**What you need to do**
Please return the listing exactly as it stands, skipping any pictures.

**Provided entries**
▽
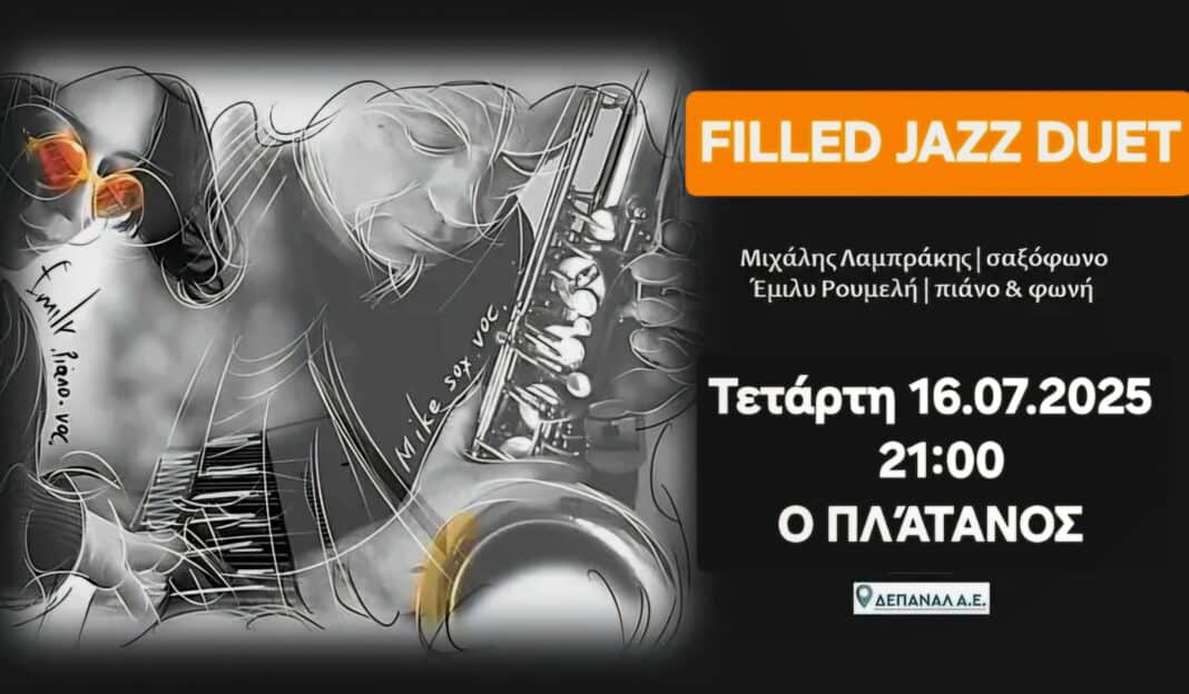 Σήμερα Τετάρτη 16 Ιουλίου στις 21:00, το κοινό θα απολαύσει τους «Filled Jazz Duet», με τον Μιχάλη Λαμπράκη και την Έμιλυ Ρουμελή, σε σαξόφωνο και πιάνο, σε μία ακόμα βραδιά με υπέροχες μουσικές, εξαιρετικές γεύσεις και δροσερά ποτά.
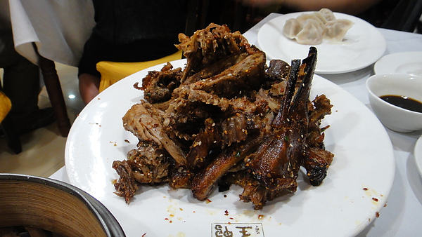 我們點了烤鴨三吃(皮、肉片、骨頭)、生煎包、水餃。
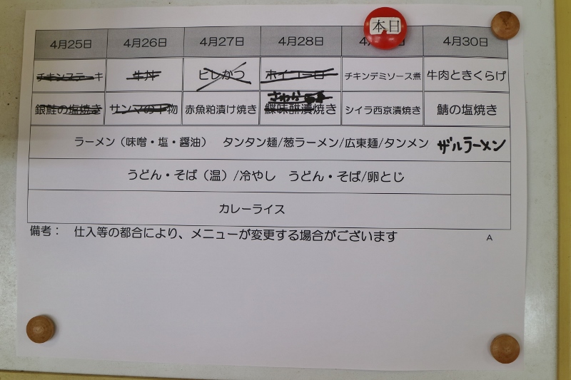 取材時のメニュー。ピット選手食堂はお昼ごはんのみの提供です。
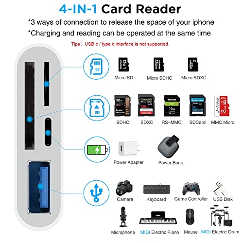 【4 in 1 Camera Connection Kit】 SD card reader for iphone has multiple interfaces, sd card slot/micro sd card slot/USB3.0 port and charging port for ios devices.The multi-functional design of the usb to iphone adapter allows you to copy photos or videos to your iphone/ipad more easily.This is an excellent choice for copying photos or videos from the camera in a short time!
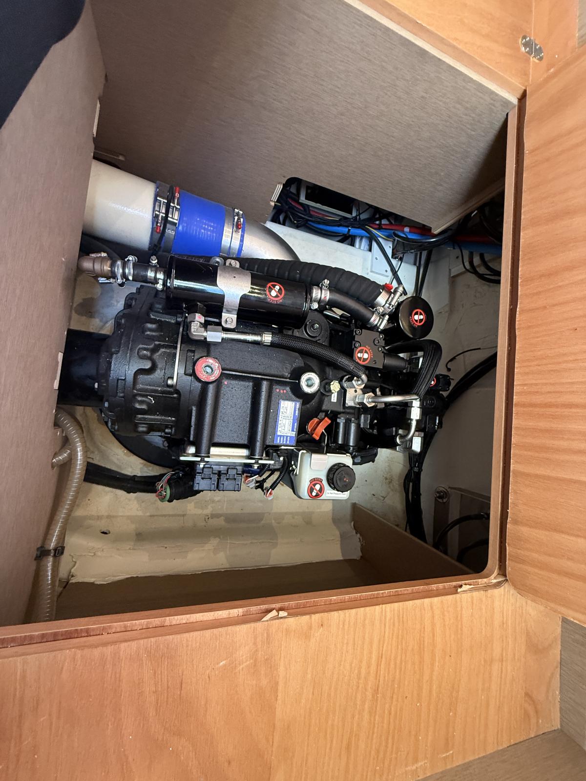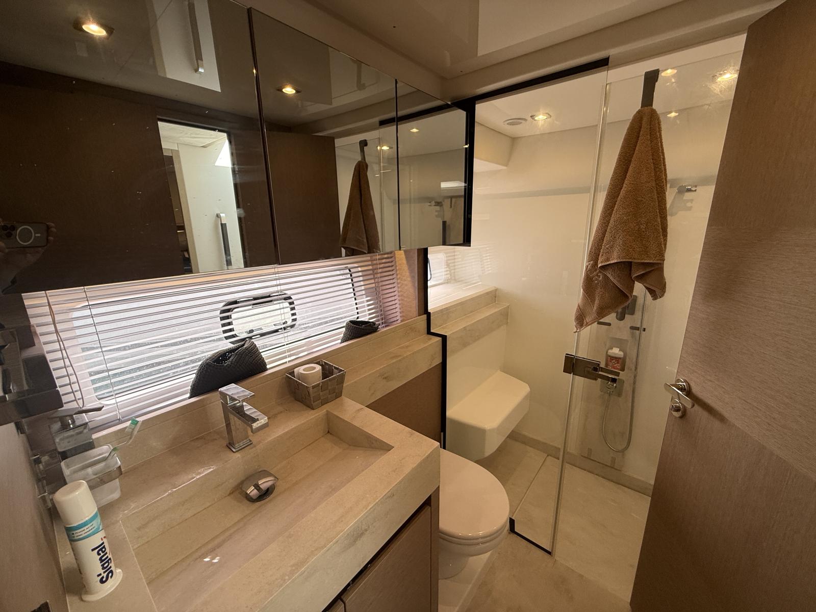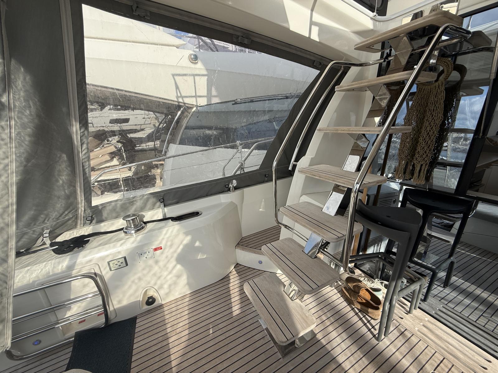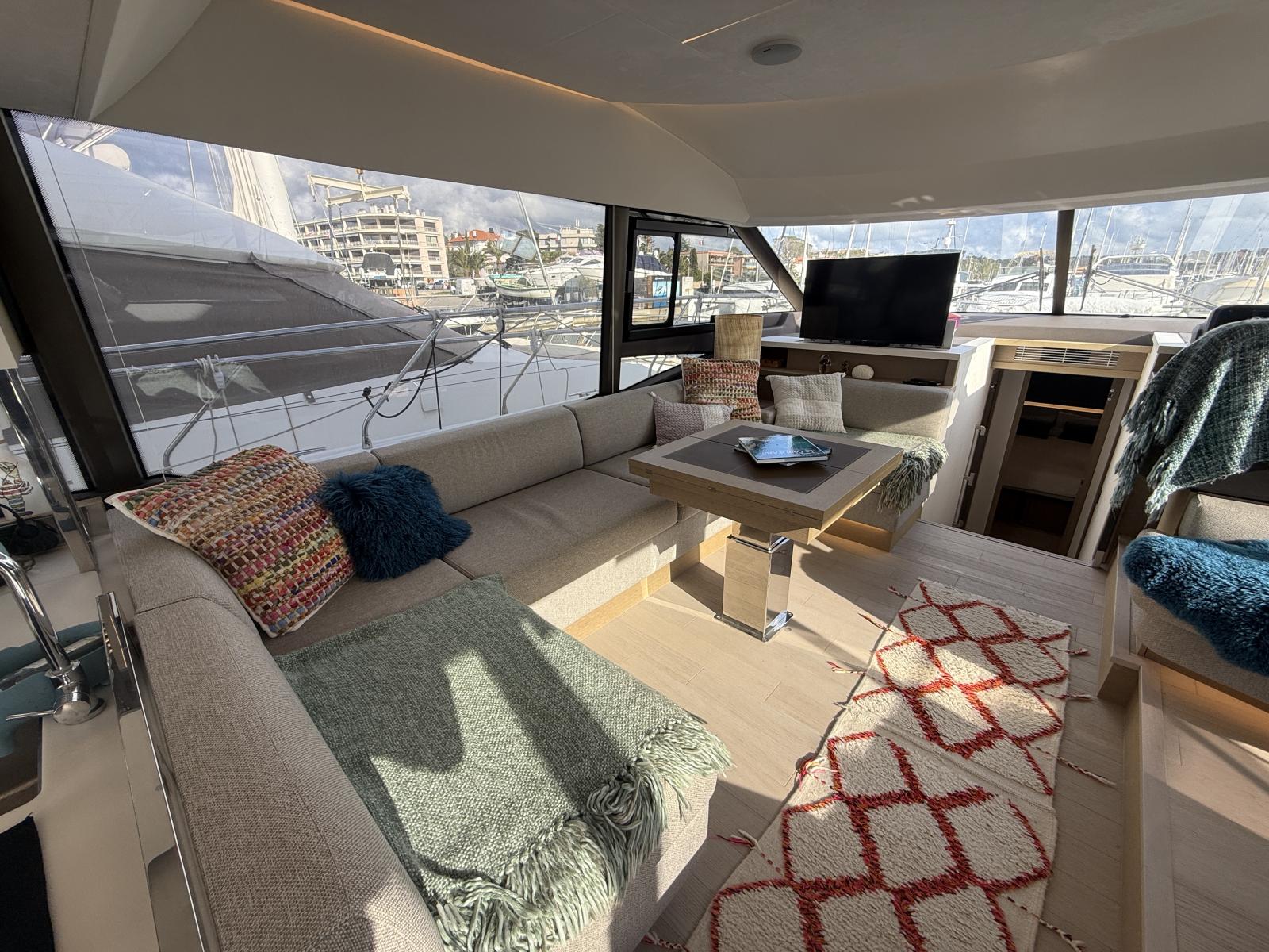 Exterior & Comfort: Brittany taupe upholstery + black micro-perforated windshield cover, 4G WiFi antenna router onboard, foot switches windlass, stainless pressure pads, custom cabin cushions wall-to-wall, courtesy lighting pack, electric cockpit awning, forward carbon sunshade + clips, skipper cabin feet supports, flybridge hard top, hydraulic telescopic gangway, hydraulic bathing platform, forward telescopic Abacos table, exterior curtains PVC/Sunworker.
△
**Solution for this exercise**
 Σήμερα Τετάρτη 16 Ιουλίου στις 21:00, το κοινό θα απολαύσει τους «Filled Jazz Duet», με τον Μιχάλη Λαμπράκη και την Έμιλυ Ρουμελή, σε σαξόφωνο και πιάνο, σε μία ακόμα βραδιά με υπέροχες μουσικές, εξαιρετικές γεύσεις και δροσερά ποτά.
 我們點了烤鴨三吃(皮、肉片、骨頭)、生煎包、水餃。
 取材時のメニュー。ピット選手食堂はお昼ごはんのみの提供です。
 【4 in 1 Camera Connection Kit】 SD card reader for iphone has multiple interfaces, sd card slot/micro sd card slot/USB3.0 port and charging port for ios devices.The multi-functional design of the usb to iphone adapter allows you to copy photos or videos to your iphone/ipad more easily.This is an excellent choice for copying photos or videos from the camera in a short time!
 Exterior & Comfort: Brittany taupe upholstery + black micro-perforated windshield cover, 4G WiFi antenna router onboard, foot switches windlass, stainless pressure pads, custom cabin cushions wall-to-wall, courtesy lighting pack, electric cockpit awning, forward carbon sunshade + clips, skipper cabin feet supports, flybridge hard top, hydraulic telescopic gangway, hydraulic bathing platform, forward telescopic Abacos table, exterior curtains PVC/Sunworker.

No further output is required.